Some parents use M&M’s or other small candy to teach their child to swallow pills. M&M’s come in “mini” sizes, too, to help children work up to the size needed for the pill.  Be sure you keep track of the amount of candy your child is eating while you’re doing this exercise.

Inhaled Medications:

For asthmatics and children with other breathing difficulties, many of the medications used to treat their disease come in an inhaled form. Metered dose inhalers use the same concept as an aerosol spray can to deliver a medication mist that can be inhaled. There are also several dry powder inhalers on the market that are sometimes more difficult for children to use since they need to inhale forcefully in order to get the medication deep into the lungs.

There is simply no substitute for proper training with inhalers and children. Some physicians are reluctant to give a child an inhaler until they are at least eight to ten years old and prefer to use nebulized versions instead. A nebulizer is a small electric machine that turns a liquid medication into a fine mist.

When using a nebulizer on a small child, it is best to distract them as well as can be expected. Some doctors will allow “blow by” treatments where the mist is blown in front of the mouth and nose. Others insist that even infants use a mask. If you can give blow by treatments to an infant or toddler, sometimes putting them in a car seat or high chair with a favorite toy or a few pieces of cereal can help distract them from the medication. For older children, it is best to use a mask in order to get more of the medicine in their lungs. Using a favorite coloring book and crayons when they receive breathing treatments is often an incentive for children to sit still for the ten to fifteen minutes needed to finish the treatment.
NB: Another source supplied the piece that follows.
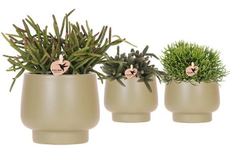 Outre le Lidcactus, Hofland Flowering Plants cultive une large gamme de plantes à fleurs telles que Dianthus, Calibrachoa, Argyranthemum, Bidens, Lobelia, Sanvitalia, Euphorbia et Scaveola. L’entreprise produit également un concept unique : les Checkies, trois plantes dans un seul pot.

If your physician recommends an inhaler for your child, make sure that the doctor’s office has trained your child and seen them use it before you take the inhaler home. A spacer is a small device that goes at the end of the inhaler that holds the mist in the chamber, allowing your child to take several deep breaths in order to help them get the medication in their lungs. The child can take their time between breaths and often feel they have more control over the disease when they can take the medicine on their own terms.

Injected Medications:

Perhaps the most feared medicine for children is the shot. Often children who have chronic illnesses will fear shots more than any other type of medication since shots associate physical pain with the other complications of the disease. To make it even more difficult, there are childhood immunizations that may confuse children as to why they need “sick” shots and “well” shots.

The best way to help children with these shots is to stay calm and relaxed yourself. Children, even small babies, can sense an anxiety and know that anxiety is not often associated with pain-free events. By staying calm, caregivers can help children understand that shots are necessary, even if they do hurt.

Don’t mislead children into thinking that shots don’t hurt. They often do. Explain that even if the shot hurts, it is necessary in order to overcome an illness or protect them from other diseases. Also, prepare children for needing a shot, even before you get to the doctor’s office. For children with chronic illnesses, they may receive painful injections on a regular basis. By staying prepared in advance, children may have less anxiety when the needle actually appears in the exam room.

Finally, reward the child when the experience is over. Reserve some treats for those times when painful shots need to be given so that the child feels special as a result. Even though you don’t want to reward children every time they take medicine, a special treat or visit to the park may help when medicines can’t be administered in any other way except through injection.

Regardless of the type of medication needed for children, there is no reason that parents or caregivers need to fear giving them. Children, when they understand the reasons behind the medication, can often be convinced to take their medication relatively stress-free. If you are having an especially difficult time giving medication to your children, have the doctor talk to the children. Sometimes, just hearing it from the doctor is enough to get children to comply.